Respondents argued that petitioners have no standing. BP 880 entails traffic re-routing to prevent grave public inconvenience and
serious or undue interference in the free flow of commerce and trade. It is content-neutral regulation of the time, place and
manner of holding public assemblies. According to Atienza RA. 7160 gives the Mayor power to deny a permit independently of
B.P. No. 880. and that the permit is for the use of a public place and not for the exercise of rights; and that B.P. No. 880 is not a
content-based regulation because it covers all rallies.

Issue:

Whether or Not BP 880 and the CPR Policy unconstitutional.

Held:

No question as to standing. Their right as citizens to engage in peaceful assembly and exercise the right of petition, as
guaranteed by the Constitution, is directly affected by B.P. No. 880. B.P. 880 is not an absolute ban of public assemblies but a
restriction that simply regulates the time, place and manner of the assemblies. It refers to all kinds of public assemblies that
would use public places. The reference to “lawful cause” does not make it content-based because assemblies really have to be
for lawful causes, otherwise they would not be “peaceable” and entitled to protection.
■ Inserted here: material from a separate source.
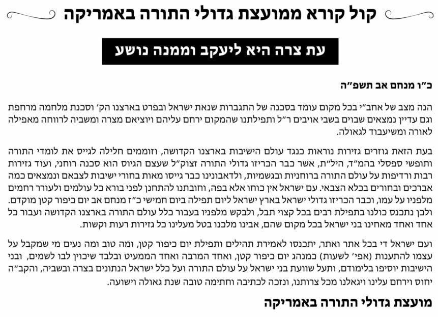 And it’s here: the official proclamation from The Council Of Great Torah Sages of Agudas Yisroel of America:

Maximum tolerance 1 is for the protection
and benefit of all rallyists and is independent of the content of the expressions in the rally. There is, likewise, no prior restraint,
since the content of the speech is not relevant to the regulation.
The so-called calibrated preemptive response policy has no place in our legal firmament and must be struck down as a darkness
that shrouds freedom. It merely confuses our people and is used by some police agents to justify abuses. Insofar as it would
purport to differ from or be in lieu of maximum tolerance, this was declared null and void.
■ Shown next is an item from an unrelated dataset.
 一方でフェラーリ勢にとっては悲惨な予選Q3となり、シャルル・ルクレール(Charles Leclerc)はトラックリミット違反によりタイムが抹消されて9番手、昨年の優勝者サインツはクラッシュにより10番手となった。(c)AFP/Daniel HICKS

The Secretary of the Interior and Local Governments, are DIRECTED to take all necessary steps for the immediate compliance
with Section 15 of Batas Pambansa No. 880 through the establishment or designation of at least one suitable freedom park or
plaza in every city and municipality of the country. After thirty (30) days from the finality of this Decision, subject to the giving of
advance notices, no prior permit shall be required to exercise the right to peaceably assemble and petition in the public parks or
plazas of a city or municipality that has not yet complied with Section 15 of the law.